The female-male sex ratio rose from 821 to 866 — a much larger increase than at the all-India level between 2001-11 — resulting in a reduction of “missing” women from two million to one million. Although the infant mortality rate remained unchanged at 29 between 2001-11, the neonatal mortality rate doubled from nine in 2004 to 18 in 2013.
While the quality of school education, judged in terms of reading and arithmetic skills, remains abysmal, the dropout rates from classes I to X were over 26 per cent for girls, about 20 per cent for boys and about 23 per cent for boys and girls combined, in 2010-11.
Symptomatic of acute economic and other distress, suicide rates were slightly lower in Delhi than at the all-India level. However, the gap between the suicide rates reduced from 2.6 in 2009 to 0.6 (per lakh of population) in 2013. In Delhi, it rose from 8.3 in 2009 to 10.4 in 2013. The majority of these involved men.
Murder rates fluctuated narrowly around 30 (per million of population) between 2005-2013. Other crimes, including dacoity, robbery, burglary and theft, surged from 784 to 2,073 per million, just short of a tripling of these crimes. While the number of car accidents dropped over the period 2000-2013, fatalities rose from about 20 to 24 per 100 accidents. Punitive action against criminal offences remained weak and the recovery of lost property (in value) fell from 12.18 per cent to 6.44 per cent.
Crimes against women comprising rape, dowry deaths and molestation were 1.65 times more frequent in 2013 than in 2005.
While dowry deaths remained low (about eight per million), rapes more than doubled.

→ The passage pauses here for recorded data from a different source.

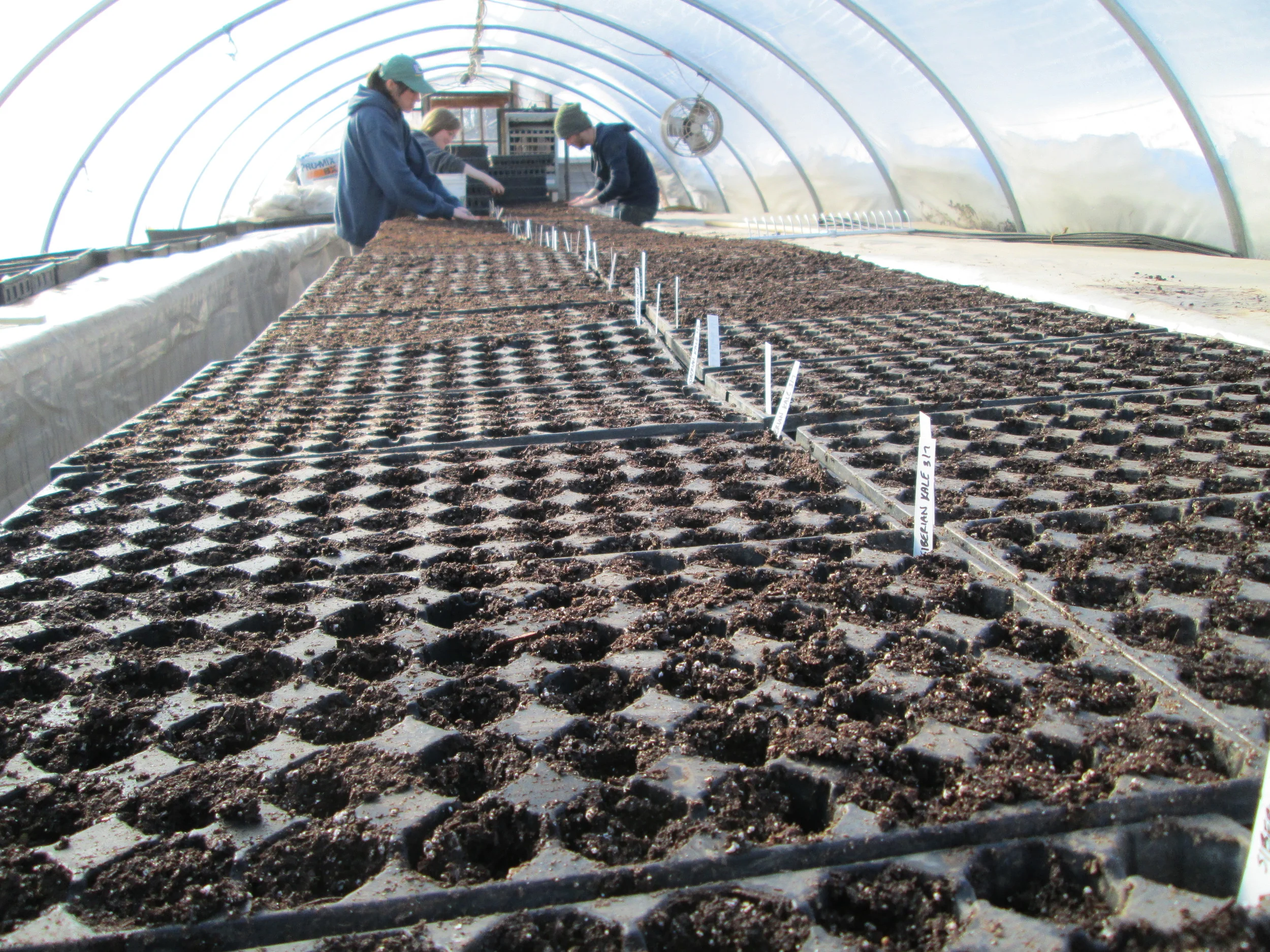 The green house is FULL! We have many kinds of broccoli, cabbage, collards, eggplant, kale, kohlrabi, leeks, lettuce, onions, peppers, spinach, swiss chard, and tomatoes seeded, germinating, and ready for frost free in one month! We started shaping some raised beds in the high tunnel and direct sowed lettuce, spinach, arugula, scallions, carrots, radishes, beets, and turnips. We used a broad fork, hoe, garden rake, and Johnny's Bed Preparation Rake with Row Markers to make nice, loose, even rows with accurate spacing. The Jang JP-1 seeder was so great for precision seeding, simple and efficient for us physically and to save our seeds for where we want them so they can have a healthy, happy life.
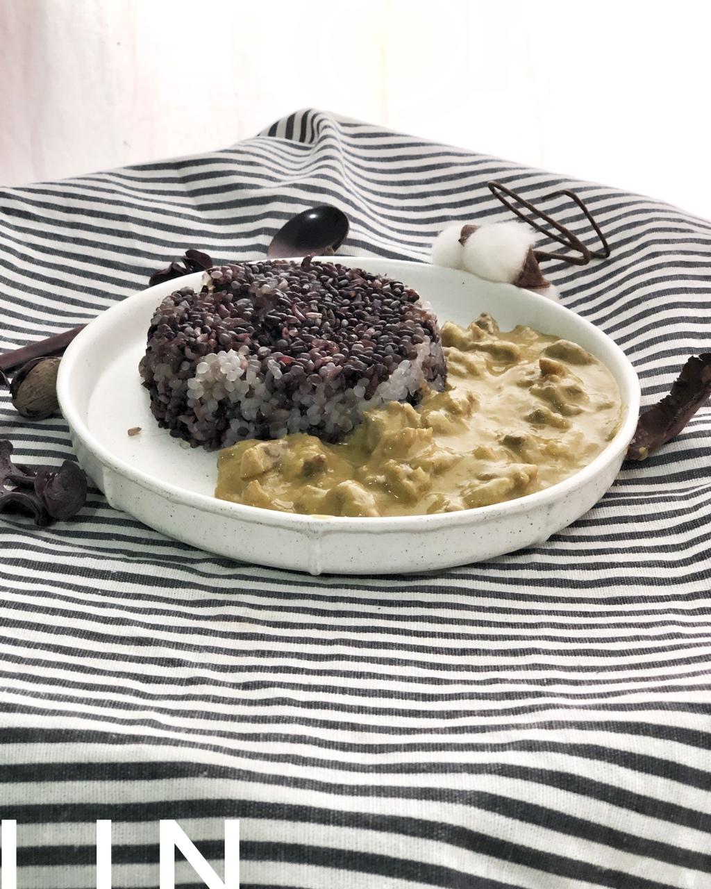 紫米魔芋饭,咖喱牛肉,太好吃,很下饭
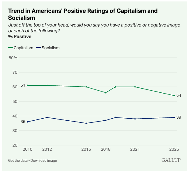 Capitalism isn’t very popular right now in America. A recent Gallup poll found that only 54% of Americans have a positive view of capitalism, down from 61% in 2010.
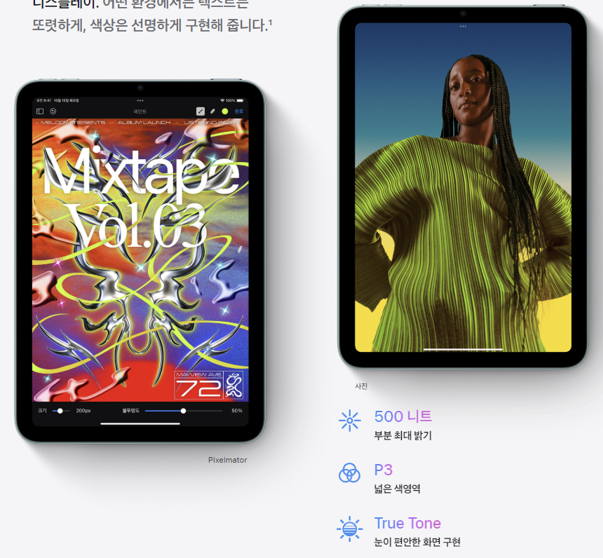- 기술: True Tone, 반사방지 코팅, 60Hz 고정 주사율

These statistics thus paint a grim picture of rising insecurity amid growing affluence. To add to all that’s gone wrong, Delhi is the most polluted city in the world. The average respirable suspended particulate matter (RSPM or PM 10) in residential areas is 209 micrograms/ cubic metre, which is three times higher than the safe levels. About 55 per cent of the population lives within 500m of roads with high air pollution, heightening the risks of cardiac and respiratory problems.
Delhi’s eight most troublesome traffic bottlenecks guzzle at least 40,000 kilolitres of fuel daily during peak rush hours. Worse, it is adding to the city’s pollution with nearly 115 tonnes of carbon dioxide (CO2). But this may well be the tip of the iceberg in a more comprehensive assessment.
Despite shrill proclamations, a single-party government is a will-o’-the-wisp. But even in the highly improbable event of a single-party government, there is no guarantee of a dramatic improvement in living conditions. A dual government and proclivity to corruption bedevilled Sheila Dikshit’s uninterrupted rule of 15 years and just can’t be wished away.
Kulkarni is associate, Department of Sociology, Yale University; Pandey is fellow in Official Statistics, School of Economics, University of the South Pacific; and Gaiha is former professor of Public Policy, Faculty of Management Studies, University of Delhi.